Исследователь русских народных социальных утопий К. Чистов о «Беловодской» легенде, отраженной в тексте под названием «Путешественник» (своего рода путеводителе для желающих попасть в чудесную страну): «Путешественник» подтверждает, что жители Беловодья «в землю свою никого не пущают». Очевидно, речь идет вовсе не о том, к кому обращен «Путешественник» и кого он призывает разыскать чудесную страну. Беловодье запретно только для тех, кто хотел бы нарушить беловодские порядки и беловодское благополучие – царских чиновников, полицейских, судей, попов. Особенно кратко и выразительно формулируют свое отношение к общественному устройству Беловодья списки второй редакции «Путешественника»: «А тамо антихрист не может быть и не будет», т. е. не будет всего, что есть в России – царя, армии, помещиков, податей и поборов, паспортов и денег с «антихристовой печатью», никонианских попов и т. д. Более того, там вообще нет никакой светской власти, никакой государственной организации: «светского суда не имеют»[61].
Мы предполагаем, что русская крестьянская община, обладавшая рядом специфических черт, – это своеобразная социальная альтернатива географическому бегству.
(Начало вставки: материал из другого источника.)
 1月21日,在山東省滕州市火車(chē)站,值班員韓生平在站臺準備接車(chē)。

Если (когда) бегство от государства в буквальном смысле становится затрудненным, то уход осуществляется в другой форме: окончательно формируется закрытая, самодостаточная общность, способная существовать на одном географическом, но в разных ментальных пространствах с государством.
Это совсем не означает, что община противостоит государству. Как и буквальное, физическое бегство, она не предполагает борьбы. Система стабилизируется – с одной стороны, защищает население от государства, с другой – помогает государству контролировать население.
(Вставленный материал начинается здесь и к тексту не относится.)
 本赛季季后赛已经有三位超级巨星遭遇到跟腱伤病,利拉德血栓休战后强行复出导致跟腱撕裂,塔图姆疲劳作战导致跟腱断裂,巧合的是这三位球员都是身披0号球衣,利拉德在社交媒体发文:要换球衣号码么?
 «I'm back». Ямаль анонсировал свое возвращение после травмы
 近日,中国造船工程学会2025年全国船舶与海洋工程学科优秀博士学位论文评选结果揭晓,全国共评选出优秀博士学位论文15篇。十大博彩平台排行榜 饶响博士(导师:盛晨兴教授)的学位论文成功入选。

Общины на момент образования централизованного Московского государства существовали во всех регионах, во всех владениях и на государственных землях.
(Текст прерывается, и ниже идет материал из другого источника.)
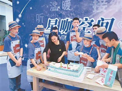 在店里,記者看到了不少用心的設(shè)計(jì):墻面、桌布、杯盞甚至“星員工”的制服,都是統(tǒng)一的星空藍(lán);頭頂飄著云絮般的裝飾,餐桌旁擺著鮮活的綠植,讓咖啡館氛圍松弛又溫馨?!皩挸ǖ沫h(huán)境能減少孩子的情緒波動(dòng),我想讓這里不僅是咖啡店,更是他們?nèi)谌肷鐣?huì)的‘職業(yè)學(xué)?!?。”高芳說。

«С самого начала государственной жизни России самоуправляющиеся общины, объединяющие крестьян одного или нескольких селений, объединяющие жителей части или целого города в общественный союз во имя интересов общего блага, составляли существенную и неотъемлемую часть общественного строя страны. Общины складывались стихийно и до XVI в. являлись неофициальными демократическими организациями крестьян и посадских людей… До XVIII в. почти каждая крестьянская община и те из посадских общин, которые занимались главным образом сельским хозяйством (а таких было большинство), являлись в значительной мере самодостаточными, они могли существовать почти автономно от внешнего мира»[62] – характеризует общину Б. Миронов.
Кроме того, автономность общины от внешнего мира подразумевает не только слабость вертикальной связи (община-государство), но и горизонтальных связей внутри общества. Многоукладность русского общества как в хозяйственно-экономическом, так и в социальном плане – черта, характерная для момента основания государства, продолжавшая существовать, несмотря на смену исторических эпох, и становившаяся серьезным затруднением для модернизации.
Вторая ключевая особенность «русской системы» – ее служилый характер, наличие и особая роль «служилого класса». «Служилый класс» – это больше чем административный аппарат, но это и не родовая аристократия, связанная с княжеской или царской властью вассально-сюзеренными отношениями. Это достаточно обширный слой населения, подчиненный правителю и призванный осуществлять функцию как внешней защиты, так и организации внутреннего управления.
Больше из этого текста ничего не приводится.